3. Industrial Chain Adjustment
Faced with export obstacles and rising import costs, China’s chemical industry has accelerated its industrial chain adjustment. On one hand, companies have improved industry concentration through mergers and acquisitions, completing several major merger transactions in 2024 with a total transaction value of 150 billion yuan a, 20% year-on-year increase. On the other hand, companies are accelerating the green transformation of traditional sectors to adapt to environmental policies and changing market demands.
4. Policy Support and Technological Innovation
To address the challenges posed by the trade war, the Chinese government has increased support for the chemical industry. Through industrial funds, tax incentives, and direct subsidies, the government is promoting the research and mass production of key materials. For example, in the fields of high-end electronic chemicals such as semiconductor wet chemicals and OLED emissive materials, domestic companies have continuously increased R&D investment, gradually narrowing the technological gap with international giants.
5. Market Diversification
Faced with trade barriers in Europe and the U.S., Chinese chemical companies are actively expanding into other international markets. Emerging markets in Southeast Asia and Africa have become key targets. For instance, Vietnam, with its growing agricultural demand, offers opportunities for China to reduce regional tariff barriers through the RCEP framework, offsetting the decline in exports to the U.S.
III. Opportunities and Challenges for the Chemical Industry
1 Increased Market Uncertainty
Due to the uncertainty in trade policies between the two countries, chemical companies face challenges such as price fluctuations and supply chain disruptions. Rising prices of raw materials and intermediates directly impact production costs, especially in bulk product sectors like plastics and fertilizers, putting downward pressure on global market demand.
2. Industry Innovation and Accelerated Transformation
While the Sino-U.S. trade war has increased market uncertainty, it has also driven innovation and transformation in the chemical industry. Chinese companies are increasing investments in green chemistry, high-end chemicals, and environmental technologies, while the U.S. maintains its technological leadership in fine and high-tech chemicals.

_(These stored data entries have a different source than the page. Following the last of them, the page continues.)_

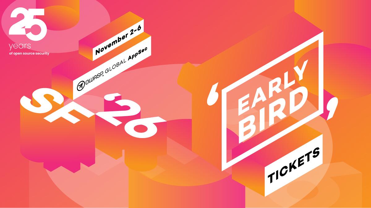 Early bird pricing is OPEN for Global AppSec USA, coming to San Francisco this November!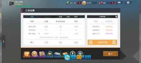 5、完成一笔订单后,你将获得运费并增加经验值。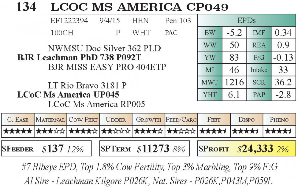 #7 Ribeye EPD, Top 1.8% Cow Fertility, Top 3% Marbling, Top 9% F:G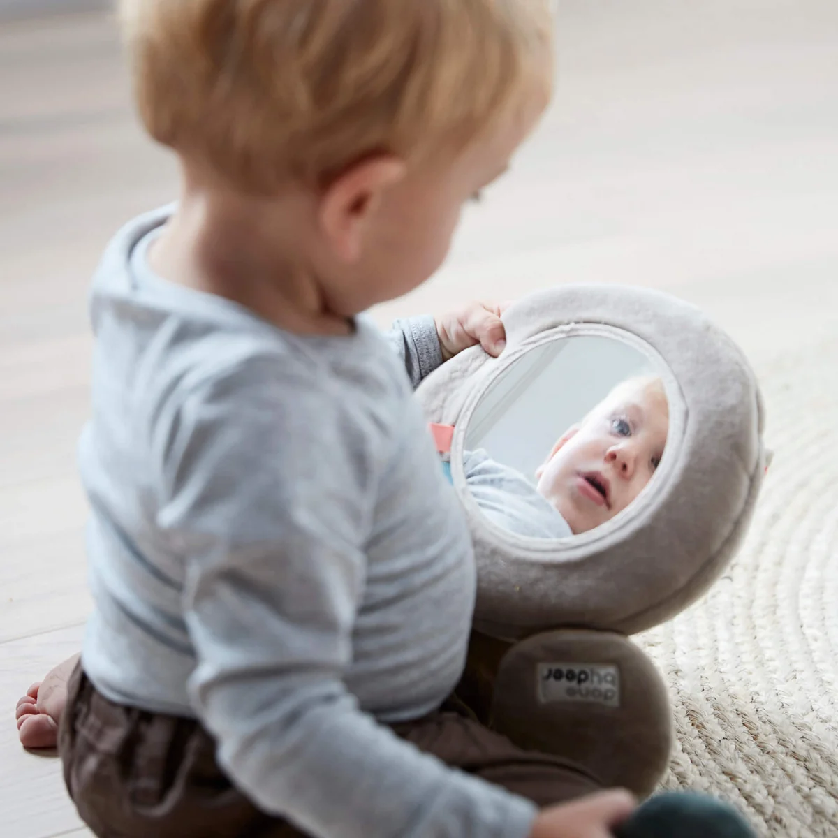 Das Versteckspiel des dänischen Herstellers Done by Deer fördert auf spielerische Weise die Entwicklung der Hand-Augen-Koordination und Konzentrationsfähigkeit. Verschiedene Texturen und Formen können erfühlt und erforscht werden. Die Tür der kleinen Höhle kann geöffnet werden. die kleinen Kuscheltiere knistern und rascheln. Unterhalb des Bergs befindet sich ein niedlicher, runder Spiegel.

Companies in both countries are leveraging technological innovation and product upgrades to gain an edge in a more diversified global market.
3. Rise of Alternative Markets
As the trade war continues, the global chemical market landscape has undergone significant changes. Emerging markets in Asia, Latin America, and Africa are becoming alternative markets for chemical products from both countries. In particular, Southeast Asia and India, with their lower production costs and relatively stable market environments, are attracting substantial international chemical investment. This trend is also driving adjustments in the structure of global chemical trade.
Conclusion
The impact of the April 2025 Sino-U.S. trade war on China’s chemical industry is multifaceted. While export obstacles and rising import costs pose challenges, policy support and technological innovation provide momentum for development. In the future, Chinese chemical companies need to find new breakthroughs in global layout, green transformation, and high-end development to achieve high-quality industry growth. The “stress test” of the trade war may serve as a catalyst for the transformation of China’s chemical industry from “quantity” to “quality.”